A legal case for loss and damage liability
Rina Kuusipalo, University of Cambridge
The term ‘loss and damage’ encapsulates an increasing recognition that climate change is causing devastating consequences of a scope we cannot always sufficiently anticipate. Mitigation of further emissions is crucial, and every effort must be made to adapt communities to reasonably foreseeable effects of climate change. But beyond this, ‘loss and damage’ acknowledges that while parties scramble to stop catastrophic climate change, communities are already suffering in the aftermath of its effects.
We know that the most burdensome impacts of climate change fall unduly on least developed countries, and communities that have the fewest resources to aid in recovery from such events. The most recent report from the Intergovernmental Panel on Climate Change (IPCC) confirmed both the manmade nature of climate change, as well as the devastating impact of climate change on the Global South. Vulnerable countries and groups are the claimants of loss and damage: claiming both irretrievable ‘loss’ (such as that of human lives, extinct species, and dead ecosystems) as well as ‘damage’ to things that are broken but still repairable (such as damage to infrastructure).
Apart from extreme events such as heat waves and floods, ‘loss and damage’ also encompasses ‘slow-onset’ phenomena such as rising sea levels, which threatens countries like Kiribati and Tuvalu. The need to address economic and non-economic loss, such as loss of cultural identity and heritage, in such contexts is apparent. Moreover, potential victims or survivors of climate change induced traumas ought to be included in the process of legally codifying ‘loss and damage.’
The international community has attempted to respond to climate crises under the UN Framework Convention on Climate Change (UNFCCC). While countries have nominally committed to climate finance, contributions, have not been sufficient to kick-start the Green Climate Fund, or to begin compensating the survivors of climatic events. The ‘loss and damage’ framework might help in this effort to safeguard resources for compensation and insurance for future catastrophic events by framing contributions not as charity, but as liability owed. An approach based upon the enforcing of legal obligation has the advantage of not being as dependent on the whims of fluctuating government opinions.
One fitting way to conceive liability would be as ‘reparations’ for damage: liability reflecting the proportional responsibility of countries for historically accumulated and presently manifesting emissions.

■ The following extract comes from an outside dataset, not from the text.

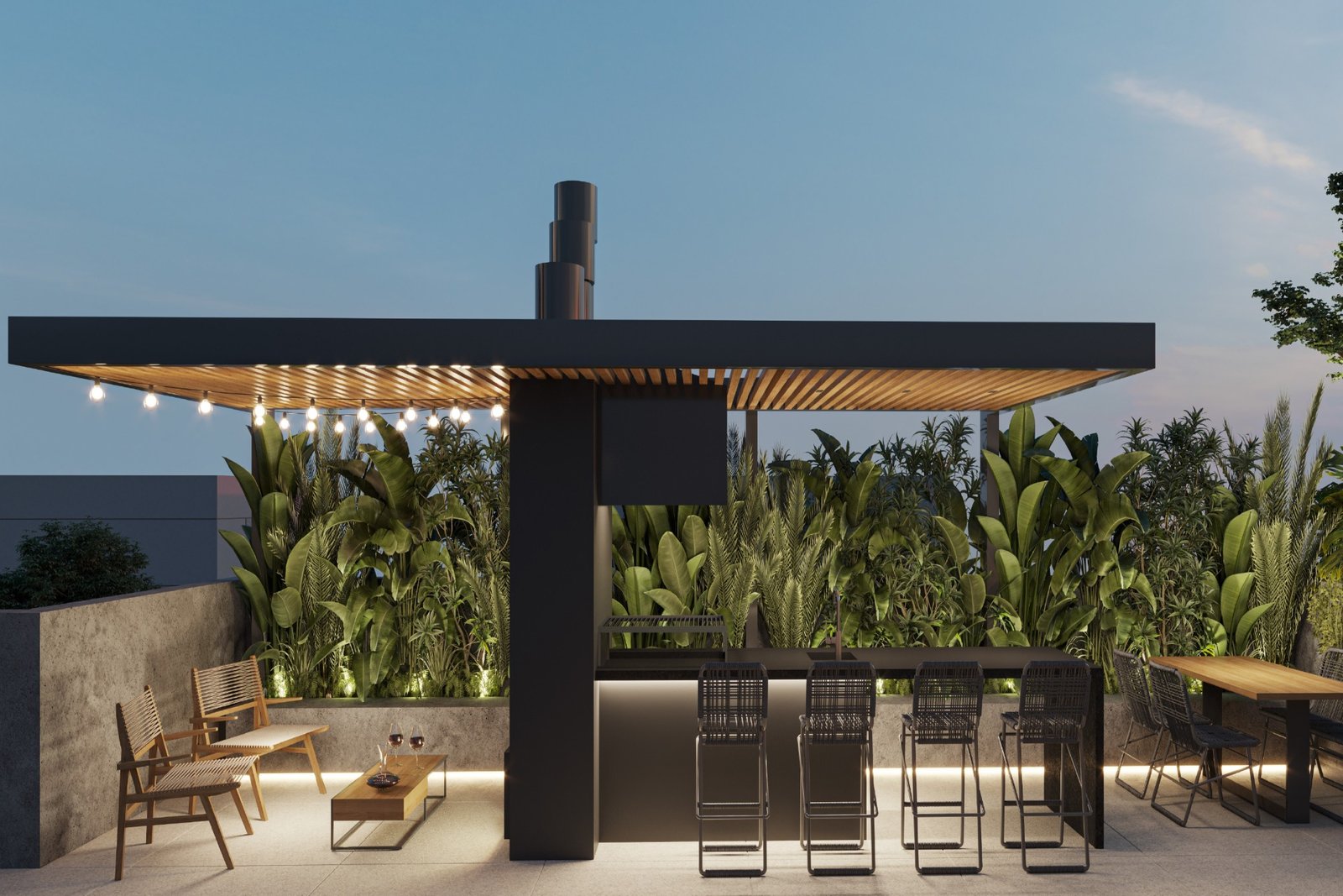 Conta com áreas comuns multifuncionais que estimulam encontros, bem-estar e contemplação: rooftop com piscina, parrilla, lareira, lounges e espaços de convívio que se adaptam ao seu estilo de vida.

Framing the liability in this way could avoid the issue of legal time limitations. The defendants in such a case would be wealthier, developed nations, whose contributions to fossil fuel emissions have accounted for roughly three-quarters of the total emissions since the industrial revolution. Despite current trends in the Global South, the per capita emissions in a wealthy country still remain multifold compared to a person in China or India.
A common doubt is: how do we calculate liability in such a complex context? One legal response might acknowledge that approximations of compensation for complex, non-economic liability are carried out daily in courts around the world. Unlike economics, which demands supposed certainty of facts, legal thought has for a long time engaged with elusive chains of causation, normative evaluations of what is “just, fair and reasonable” – even attributing liability for historical wrongs (the Mau Mau case). The ecological aspects of ‘loss and damage’ could be – in the absence of legal standing for nature – approached through legal public trust doctrines, as suggested by Mary Christina Wood in Nature’s Trust.
Moreover, a scientific and legal basis for liability already exists within the convoluted layers of UNFCCC – embodied in Article 3, which states that “in accordance with their common but differentiated responsibilities… the developed country Parties should take the lead in combating climate change and the adverse effects thereof.” The ‘Annex I’ Developed countries have nonetheless been hesitant to allow a textual admission of liability. While politically explainable, such ‘short-termist’ opposition will hurt the planet as a whole. Legally, it also stands in contrast to the very ideals on which the UNFCCC was built: a necessity perceived in the 1992 Rio Declaration (Principle 13) for states to cooperate on “international law regarding liability and compensation for adverse effects of environmental damage.” It seems that the UNFCCC has the legal mandate – and merely lacks the fortitude and the will – to step up to its role in allocating liability and compensation for ‘loss and damage.’